[RECORDS SHOWN Boundary: Start]
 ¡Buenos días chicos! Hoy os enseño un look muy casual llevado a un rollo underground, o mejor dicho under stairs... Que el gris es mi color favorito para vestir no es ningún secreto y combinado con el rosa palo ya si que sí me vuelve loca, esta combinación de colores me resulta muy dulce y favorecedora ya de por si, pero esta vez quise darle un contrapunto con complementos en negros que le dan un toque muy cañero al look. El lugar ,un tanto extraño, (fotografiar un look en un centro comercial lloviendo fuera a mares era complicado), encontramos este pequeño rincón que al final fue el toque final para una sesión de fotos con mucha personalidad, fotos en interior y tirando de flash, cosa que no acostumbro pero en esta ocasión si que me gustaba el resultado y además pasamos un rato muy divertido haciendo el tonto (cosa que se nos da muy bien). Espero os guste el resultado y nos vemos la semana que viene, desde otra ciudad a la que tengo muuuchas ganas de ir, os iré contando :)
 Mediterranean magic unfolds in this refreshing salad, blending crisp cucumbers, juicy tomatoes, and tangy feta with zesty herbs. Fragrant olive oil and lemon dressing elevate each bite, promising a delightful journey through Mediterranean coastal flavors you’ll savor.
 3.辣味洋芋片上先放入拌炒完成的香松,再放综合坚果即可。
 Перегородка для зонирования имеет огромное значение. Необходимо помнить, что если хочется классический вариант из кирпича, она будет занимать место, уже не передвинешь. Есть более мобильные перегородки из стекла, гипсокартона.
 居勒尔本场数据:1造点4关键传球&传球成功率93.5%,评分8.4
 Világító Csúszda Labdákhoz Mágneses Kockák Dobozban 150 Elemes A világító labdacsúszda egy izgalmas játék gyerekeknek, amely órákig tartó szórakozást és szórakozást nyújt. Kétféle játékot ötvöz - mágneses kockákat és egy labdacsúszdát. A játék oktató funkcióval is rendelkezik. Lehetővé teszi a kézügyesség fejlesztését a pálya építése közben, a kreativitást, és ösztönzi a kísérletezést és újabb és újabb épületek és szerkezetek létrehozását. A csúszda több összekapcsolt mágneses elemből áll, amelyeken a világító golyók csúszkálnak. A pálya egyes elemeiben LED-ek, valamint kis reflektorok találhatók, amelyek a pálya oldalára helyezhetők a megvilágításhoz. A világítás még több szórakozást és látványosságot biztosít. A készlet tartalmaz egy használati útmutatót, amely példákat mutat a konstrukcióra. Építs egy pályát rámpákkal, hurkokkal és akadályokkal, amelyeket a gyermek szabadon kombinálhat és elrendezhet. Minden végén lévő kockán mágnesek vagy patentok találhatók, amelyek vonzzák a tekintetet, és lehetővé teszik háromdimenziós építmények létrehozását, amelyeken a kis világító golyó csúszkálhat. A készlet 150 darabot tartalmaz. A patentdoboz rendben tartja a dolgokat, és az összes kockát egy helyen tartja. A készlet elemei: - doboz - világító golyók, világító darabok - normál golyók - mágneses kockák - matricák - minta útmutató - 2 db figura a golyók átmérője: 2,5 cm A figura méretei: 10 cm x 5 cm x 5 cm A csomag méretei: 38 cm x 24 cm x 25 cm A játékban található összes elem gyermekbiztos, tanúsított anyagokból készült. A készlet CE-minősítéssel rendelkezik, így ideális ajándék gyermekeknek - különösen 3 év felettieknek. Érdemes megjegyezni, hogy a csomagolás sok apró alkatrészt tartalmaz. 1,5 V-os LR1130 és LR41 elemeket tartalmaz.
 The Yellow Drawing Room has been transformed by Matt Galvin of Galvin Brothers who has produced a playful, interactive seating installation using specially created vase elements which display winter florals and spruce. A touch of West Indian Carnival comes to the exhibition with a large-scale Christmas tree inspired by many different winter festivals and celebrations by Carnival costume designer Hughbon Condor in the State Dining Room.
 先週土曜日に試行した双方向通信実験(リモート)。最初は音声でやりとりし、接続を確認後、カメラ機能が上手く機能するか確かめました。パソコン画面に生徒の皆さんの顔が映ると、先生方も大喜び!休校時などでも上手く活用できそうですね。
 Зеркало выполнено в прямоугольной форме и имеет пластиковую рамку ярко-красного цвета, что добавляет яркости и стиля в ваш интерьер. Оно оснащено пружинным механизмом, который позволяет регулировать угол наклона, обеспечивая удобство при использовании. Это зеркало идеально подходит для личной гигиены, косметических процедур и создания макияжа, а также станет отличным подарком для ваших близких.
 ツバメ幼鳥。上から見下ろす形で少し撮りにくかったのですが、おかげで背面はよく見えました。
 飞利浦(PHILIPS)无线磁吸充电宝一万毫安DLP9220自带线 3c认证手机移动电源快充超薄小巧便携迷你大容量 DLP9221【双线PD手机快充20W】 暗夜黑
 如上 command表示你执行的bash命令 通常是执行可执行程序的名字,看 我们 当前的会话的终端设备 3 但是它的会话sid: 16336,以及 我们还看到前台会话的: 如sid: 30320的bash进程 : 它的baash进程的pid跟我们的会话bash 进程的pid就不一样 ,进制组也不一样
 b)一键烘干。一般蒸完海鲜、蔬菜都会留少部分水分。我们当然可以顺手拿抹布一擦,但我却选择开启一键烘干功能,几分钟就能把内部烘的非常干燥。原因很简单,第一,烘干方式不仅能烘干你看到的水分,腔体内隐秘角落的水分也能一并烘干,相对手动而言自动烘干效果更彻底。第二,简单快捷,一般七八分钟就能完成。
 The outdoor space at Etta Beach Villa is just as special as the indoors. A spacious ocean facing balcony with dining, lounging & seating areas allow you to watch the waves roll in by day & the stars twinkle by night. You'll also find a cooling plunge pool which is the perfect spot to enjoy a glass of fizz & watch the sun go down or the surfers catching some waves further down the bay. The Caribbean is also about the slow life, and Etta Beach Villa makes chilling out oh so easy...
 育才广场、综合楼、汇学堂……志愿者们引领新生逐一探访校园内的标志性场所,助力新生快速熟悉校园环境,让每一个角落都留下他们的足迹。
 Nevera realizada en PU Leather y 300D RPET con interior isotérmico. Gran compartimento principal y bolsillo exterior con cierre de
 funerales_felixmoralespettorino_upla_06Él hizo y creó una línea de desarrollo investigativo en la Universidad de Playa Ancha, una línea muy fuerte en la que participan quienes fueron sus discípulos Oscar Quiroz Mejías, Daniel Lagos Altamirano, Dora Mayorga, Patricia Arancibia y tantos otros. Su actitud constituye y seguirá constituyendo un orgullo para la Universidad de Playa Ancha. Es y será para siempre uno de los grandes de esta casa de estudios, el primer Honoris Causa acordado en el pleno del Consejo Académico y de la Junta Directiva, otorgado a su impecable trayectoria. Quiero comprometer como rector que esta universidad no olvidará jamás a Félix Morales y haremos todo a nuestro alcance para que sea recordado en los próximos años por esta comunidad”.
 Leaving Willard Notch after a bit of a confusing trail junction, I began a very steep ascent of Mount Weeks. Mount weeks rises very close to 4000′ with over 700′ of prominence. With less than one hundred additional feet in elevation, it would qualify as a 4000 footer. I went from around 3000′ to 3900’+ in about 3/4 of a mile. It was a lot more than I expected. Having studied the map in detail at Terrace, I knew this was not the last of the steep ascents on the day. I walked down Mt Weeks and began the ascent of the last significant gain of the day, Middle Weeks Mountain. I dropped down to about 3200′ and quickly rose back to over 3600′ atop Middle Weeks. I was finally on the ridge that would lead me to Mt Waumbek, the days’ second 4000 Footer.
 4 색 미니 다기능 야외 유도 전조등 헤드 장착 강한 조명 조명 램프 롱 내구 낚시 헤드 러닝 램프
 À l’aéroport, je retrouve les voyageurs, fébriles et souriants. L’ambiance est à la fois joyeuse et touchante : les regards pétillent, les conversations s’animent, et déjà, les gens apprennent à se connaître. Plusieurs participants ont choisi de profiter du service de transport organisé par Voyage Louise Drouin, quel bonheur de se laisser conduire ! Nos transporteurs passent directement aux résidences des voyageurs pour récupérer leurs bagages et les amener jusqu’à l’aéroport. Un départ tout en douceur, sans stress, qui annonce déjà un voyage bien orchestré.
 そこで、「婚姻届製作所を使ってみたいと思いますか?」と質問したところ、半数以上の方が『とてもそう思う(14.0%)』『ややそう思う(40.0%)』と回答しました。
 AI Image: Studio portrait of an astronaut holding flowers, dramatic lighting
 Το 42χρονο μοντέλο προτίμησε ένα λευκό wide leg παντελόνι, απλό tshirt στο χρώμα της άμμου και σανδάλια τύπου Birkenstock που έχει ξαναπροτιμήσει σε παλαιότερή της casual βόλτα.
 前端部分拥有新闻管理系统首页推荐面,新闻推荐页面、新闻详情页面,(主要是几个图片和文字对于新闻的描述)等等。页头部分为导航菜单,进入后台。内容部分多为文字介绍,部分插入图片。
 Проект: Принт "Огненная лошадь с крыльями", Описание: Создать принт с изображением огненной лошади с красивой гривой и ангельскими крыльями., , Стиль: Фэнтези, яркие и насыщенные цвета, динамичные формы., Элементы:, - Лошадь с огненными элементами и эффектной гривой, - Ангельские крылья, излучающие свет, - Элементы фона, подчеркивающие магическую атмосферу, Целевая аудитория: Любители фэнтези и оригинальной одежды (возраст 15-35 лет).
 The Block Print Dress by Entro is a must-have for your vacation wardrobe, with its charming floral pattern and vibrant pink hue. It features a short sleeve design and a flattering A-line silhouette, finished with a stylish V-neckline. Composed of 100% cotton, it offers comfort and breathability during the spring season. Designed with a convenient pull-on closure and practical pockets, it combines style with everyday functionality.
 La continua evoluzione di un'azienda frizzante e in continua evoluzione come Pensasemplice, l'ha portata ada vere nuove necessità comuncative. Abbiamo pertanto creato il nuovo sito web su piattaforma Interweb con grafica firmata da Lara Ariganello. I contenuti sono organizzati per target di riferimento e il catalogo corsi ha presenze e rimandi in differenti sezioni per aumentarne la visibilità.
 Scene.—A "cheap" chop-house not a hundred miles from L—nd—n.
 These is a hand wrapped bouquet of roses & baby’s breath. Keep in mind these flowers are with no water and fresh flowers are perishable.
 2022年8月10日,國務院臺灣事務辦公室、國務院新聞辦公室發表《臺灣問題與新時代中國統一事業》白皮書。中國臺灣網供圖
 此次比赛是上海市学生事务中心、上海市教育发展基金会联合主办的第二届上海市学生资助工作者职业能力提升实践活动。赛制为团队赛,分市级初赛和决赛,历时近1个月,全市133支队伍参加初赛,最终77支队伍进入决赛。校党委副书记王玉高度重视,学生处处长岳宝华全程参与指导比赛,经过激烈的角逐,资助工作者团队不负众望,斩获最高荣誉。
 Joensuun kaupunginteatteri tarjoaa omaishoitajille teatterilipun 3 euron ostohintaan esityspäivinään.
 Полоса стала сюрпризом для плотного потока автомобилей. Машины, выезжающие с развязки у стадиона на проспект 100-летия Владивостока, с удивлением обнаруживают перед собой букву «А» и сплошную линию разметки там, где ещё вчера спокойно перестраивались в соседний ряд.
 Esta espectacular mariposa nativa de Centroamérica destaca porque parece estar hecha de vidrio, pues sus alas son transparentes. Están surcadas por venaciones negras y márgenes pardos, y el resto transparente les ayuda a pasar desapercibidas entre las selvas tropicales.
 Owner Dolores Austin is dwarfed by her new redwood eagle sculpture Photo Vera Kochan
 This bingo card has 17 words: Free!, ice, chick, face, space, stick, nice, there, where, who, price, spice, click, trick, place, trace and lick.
[RECORDS SHOWN Boundary: End]
● WHAT THE TASK ASKS: Copy, from the material, each line that holds the string "flowers".

● YOUR SOLUTION:
 AI Image: Studio portrait of an astronaut holding flowers, dramatic lighting
 These is a hand wrapped bouquet of roses & baby’s breath. Keep in mind these flowers are with no water and fresh flowers are perishable.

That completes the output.